(Stored dataset items)
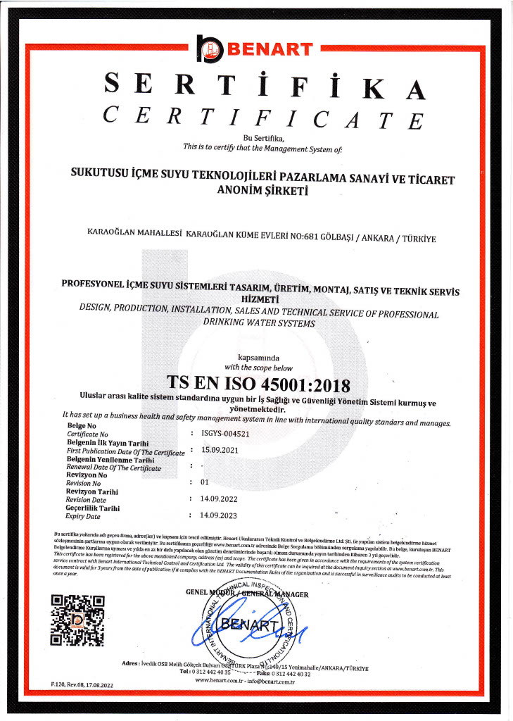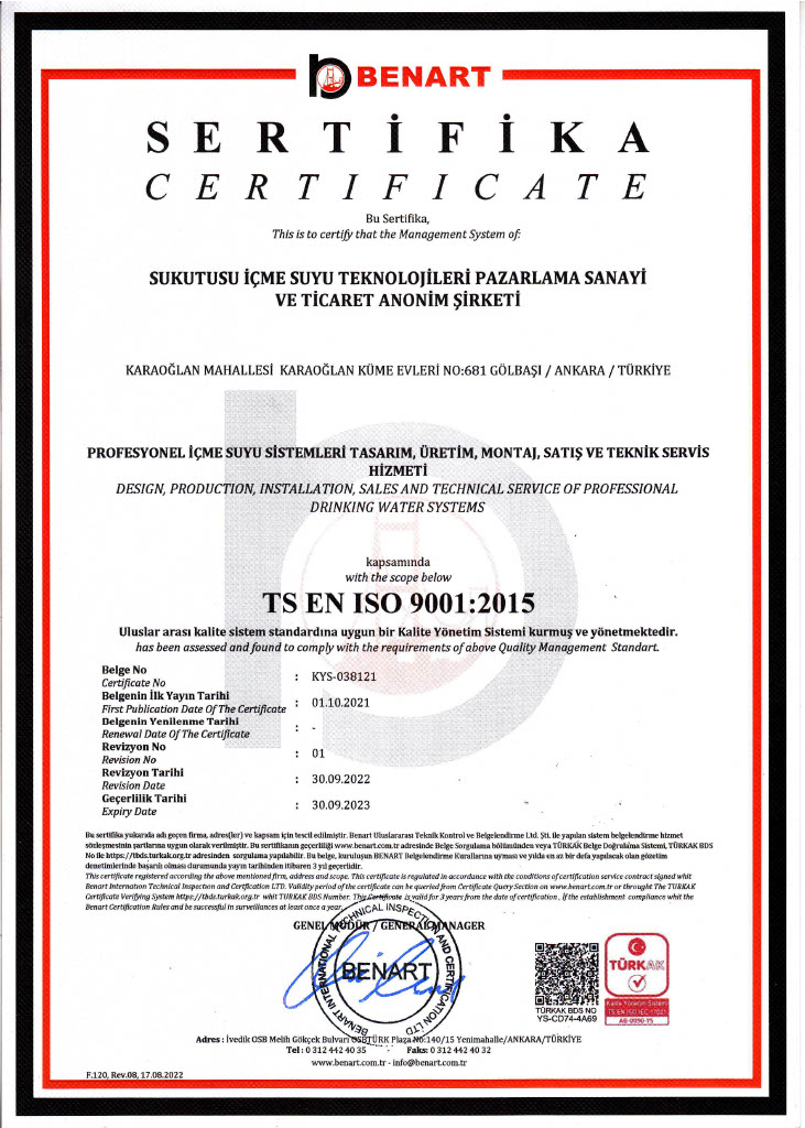 SUKUTUSU A.Ş. was established in 2002 in Ankara with 100% domestic capital with the mission of developing, producing and promoting advanced technology water treatment machines that meet the need for healthy drinking water. Our company, which is not only domestic but also all countries of the world in its target market, started its work by registering the WATERBOX-SUKUTUSU brand.
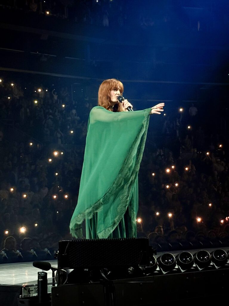 All around me, phones disappeared. Strangers danced like old friends. Welch, who spent the entire night floating across the stage in an emerald green dress like some ethereal being, suddenly felt less like an untouchable force and more like a giddy, redheaded child, spinning, and dancing barefoot, completely unburdened.
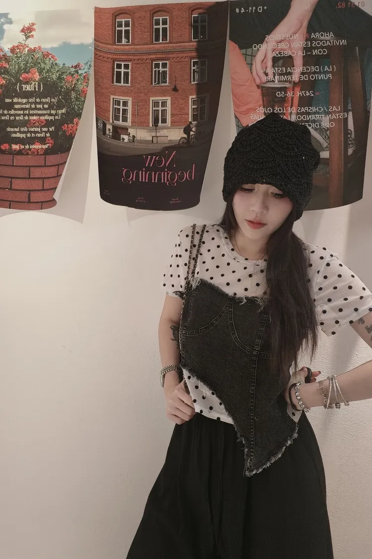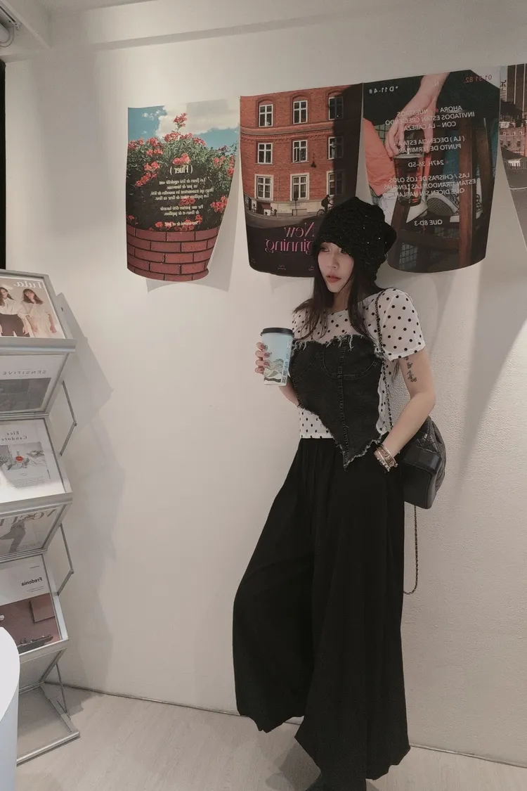 ✦拼接牛仔不可拆 無罩杯
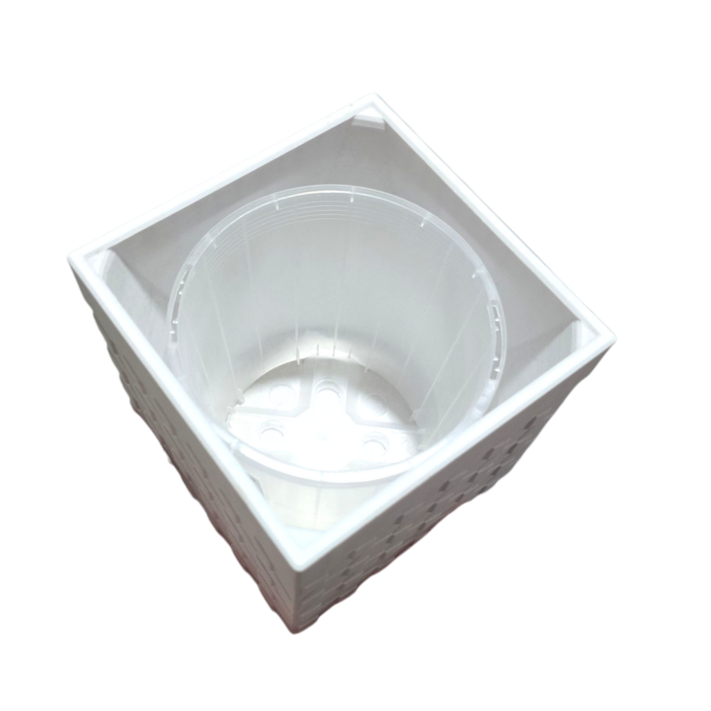 Each planter includes a 100mm insert pot (clear or black, depending on availability), allowing you to easily lift your plant out for watering — no more leaks or mess on your counters or shelves!
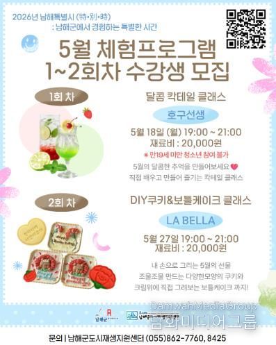 시민행정신문 강갑수 기자 | 남해군 도시재생지원센터가 신록이 짙어가는 5월을 맞아, 군민들에게 일상 속 특별한 미식 경험과 힐링을 선사할 ‘5월 쿠킹클래스’를 마련하고 수강생 모집에 나선다.
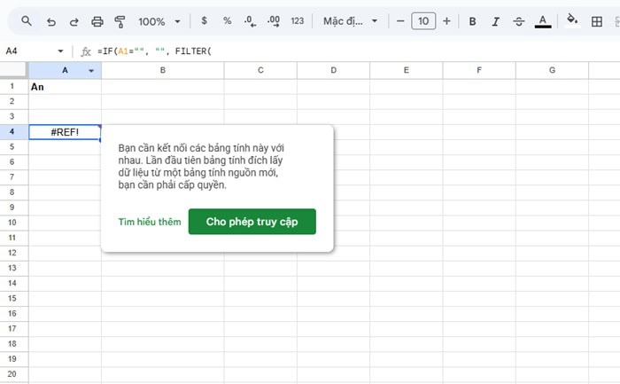 - Khi nhập công thức lần đầu, Google Sheets sẽ yêu cầu bạn nhấn Allow access (Cho phép truy cập) để cấp quyền kết nối dữ liệu
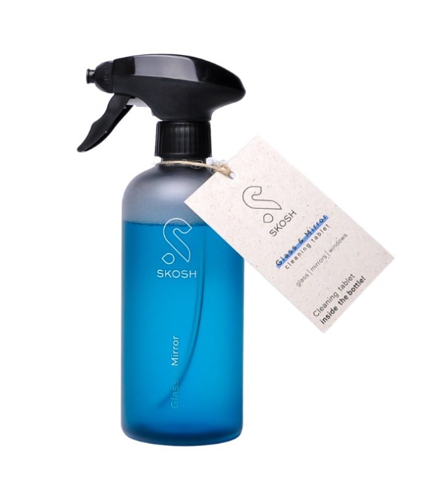 Skosh Glass & Mirror Cleaning Kit innehåller en tablett och en sprayflaska. Skosh rengöringstablett blandas med 500 ml kranvatten i sprayflaskan, och du får en effektiv rengöring för glas- och spegelytor. Anpassad för rengöring av speglar, rostfritt stål och glasytor.
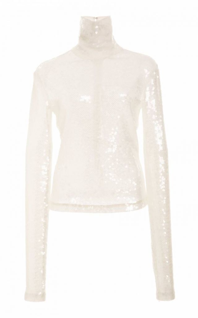 واختارت كنزة من الترتر اللماع ذات ياقة عالية وأكمام طويلة، يبلغ ثمنها نحو 1,250 دولاراً أميركياً، مع تنورة مستقيمة من القماش ذاته، يبلغ ثمنها نحو 1,550 دولاراً أميركياً.
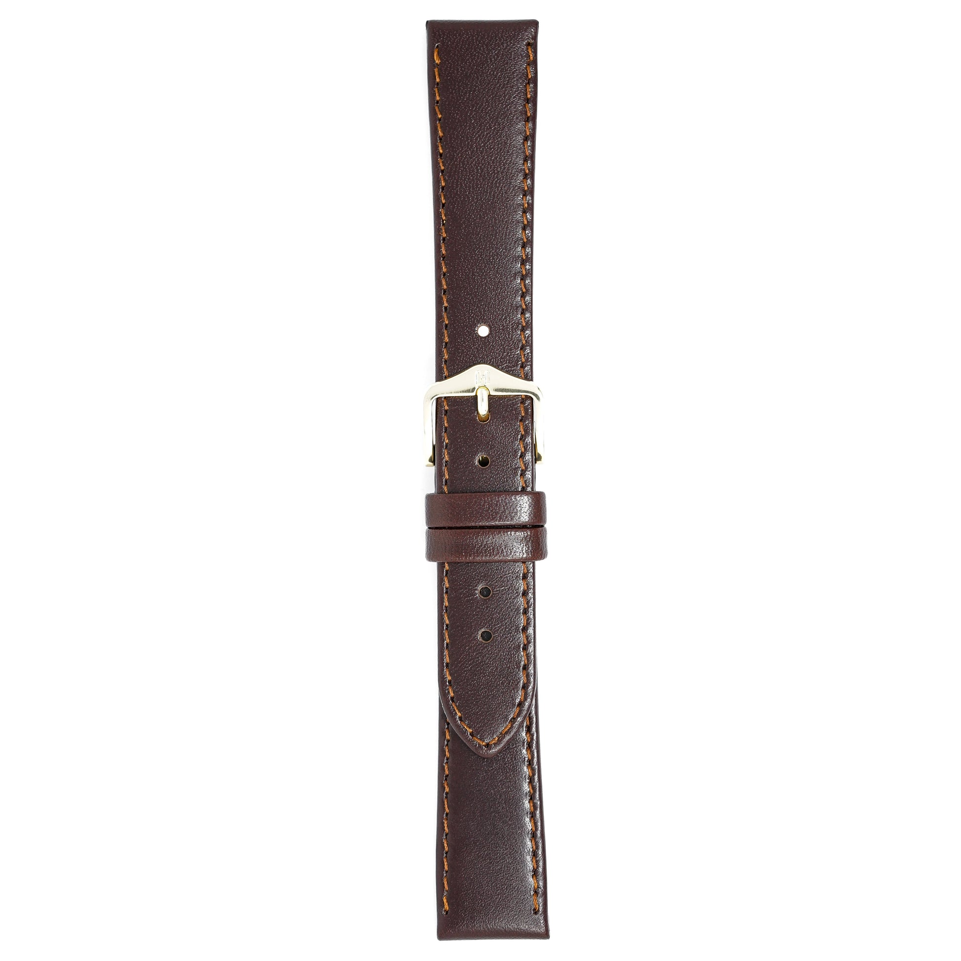 18mm width x 20cm Length Dark Brown Leather Strap with Brown Stitchings - Fitted With a Polished Gold Plated Stainless Steel Buckle.

**Exercise description:** Set down the lines from the one containing "Skosh Glass &" through the last line of the records above, both included, exactly as they appear and with no other text. Pictures should not be set down.

**Result:**
 Skosh Glass & Mirror Cleaning Kit innehåller en tablett och en sprayflaska. Skosh rengöringstablett blandas med 500 ml kranvatten i sprayflaskan, och du får en effektiv rengöring för glas- och spegelytor. Anpassad för rengöring av speglar, rostfritt stål och glasytor.
 واختارت كنزة من الترتر اللماع ذات ياقة عالية وأكمام طويلة، يبلغ ثمنها نحو 1,250 دولاراً أميركياً، مع تنورة مستقيمة من القماش ذاته، يبلغ ثمنها نحو 1,550 دولاراً أميركياً.
 18mm width x 20cm Length Dark Brown Leather Strap with Brown Stitchings - Fitted With a Polished Gold Plated Stainless Steel Buckle.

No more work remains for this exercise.